The first thermonuclear device, Mike, had a Krause-Ogle box 1.7 miles long. SLAC is 2 miles long, LIGO's arms are 2.5 miles long. Laser-leveling is a mixed blessing. Light falls at gee = 19.6 m/sec^2 but it gets from here to there at a foot/nanoseond.

Free fall chord tunnels, 40 minutes to anywhere with only friction compensation needed, have three issues: A rather large volume of rock must be excavated. The air must be pumped out to vacuum (the first few runs are displacement vacuum pumps themselves). 80-100 miles deep is the diamond stability zone.

Hm, I was confused by the transition from the penultimate equation (for acceleration) to the final equation (for period) until I went to wikipedia and read that for small angle approximation, T = 2pi(length of "string"/g).

Given that, though, what's the point of Matt's second to last sentence in the paragraph before the equation for T, "The angular frequency of an object in simple harmonic motion is the square root of the term in front of the x." I'm sure that's correct, but I'm not getting why it's worth mentioning. My presumption would be that it allows us to derive the equation for T (i.e., T = 2pi(length of "string"/g)) but I don't see how. Probably because I'm an ignoramus. Any help is welcome, though.

-Oss

Er, sorry, but in the final equation -- for the period T -- I get that T = 1/f and that's why sqrt(g/Re) --> sqrt(Re/g) is where I get lost. How is Matt going from the preceding equation -- acceleration equals (-g/Re)*x -- to the equation for T?

Gah! Sorry, the words after my sig in the above post are superfluous, I should have deleted them -- they were part of my initial, aborted way of phrasing my post.

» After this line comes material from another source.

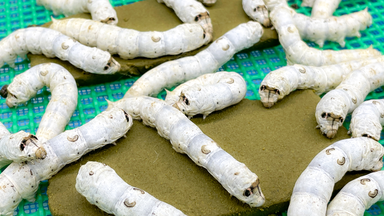 スマート養蚕システム(スマート農業の養蚕版)によるカイコ・繭の製造、たんぱく質原料の抽出・加工より、国産シルクをフードテック、ヘルステック、メディテックへ応用する技術を保有し、シルク関連商品(カイコ、繭、機能性たんぱく質、シルク製品)を提供します。フードテック分野では、賞味期限の延長、食感、味覚を向上させるシルクフィブロインの製造・販売、養殖、養鶏用の機能性飼料の供給、ヘルステック分野では、化粧品、ヘアケア商品用のシルク原料供給、メディテック分野では、バイオマテリアルとしての供給となります。
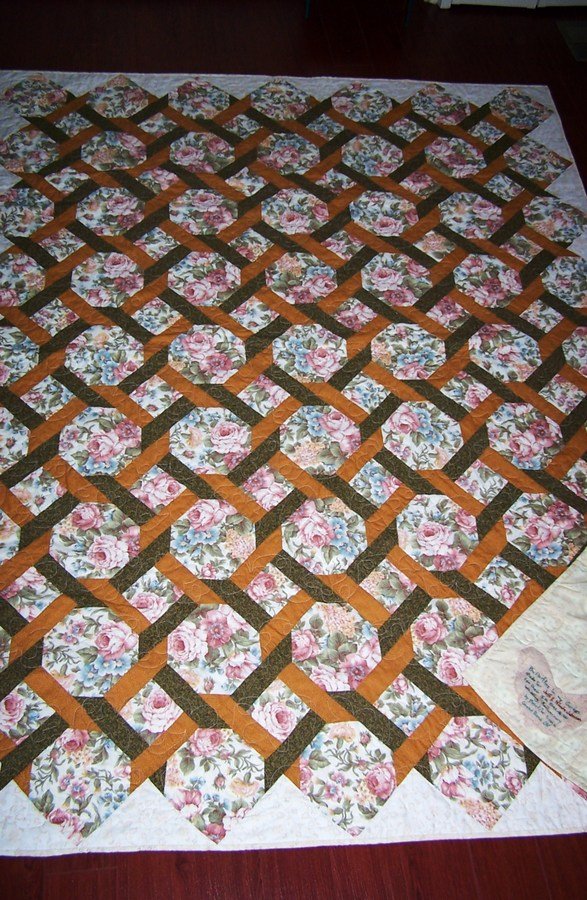 Quilt top was made in 2003 but was not put together and quilted until 2011. Quit is to be given to son and daughter-in-law for their 15 wedding anniversary Machine pieced and quilted on long arm maching |

Ossicle, angular frequency is two pi times the frequency f. The reason for using angular frequency is just to make the sin and cos terms in the actual solution of the differential equation easier to work with. Since we're only after the period here, we don't really need to worry about any of it except for finding T. Formally speaking,

w = 2 pi f, and T = 1/f

which lead to

T = 2 pi (1/w)

Edit: Blarg, apparently special characters don't typeset properly in the comments. I've renamed the angular frequency to w above to work around that.

Matt, I know you have to use the HTML escape sequences to get accented Latin characters. Are there comparable escape sequences for Greek letters? In other words, does typing "ω" give you an ω? (Consider this an experiment: if that last sentence typeset correctly, the answer is yes.)

By Eric Lund (not verified) on 12 Nov 2008 #permalink

Perhaps you could use dry ice to create a gas-bearing; a sort of "frictionless hockey puck" to replace the ball. That would lower the bar some relative to table flatness.

As was pointed out, coriolis is a factor. Intuition (and 8th grade physics) tells me that it would not allow a real setup to last long anyway (ie, the "ball" would fall off the table), except perhaps in an east-west scenario. Even there, wouldn't coriolis cause the ball to overshoot to the west, and undershoot to the east?

Ok, my eight grade physics teacher (may he rest in peace, from now on, anyways) just called and he says the ball won't fall off the table because "the center of the table is the 'lowest' point in the system..."

Thank you, Matt!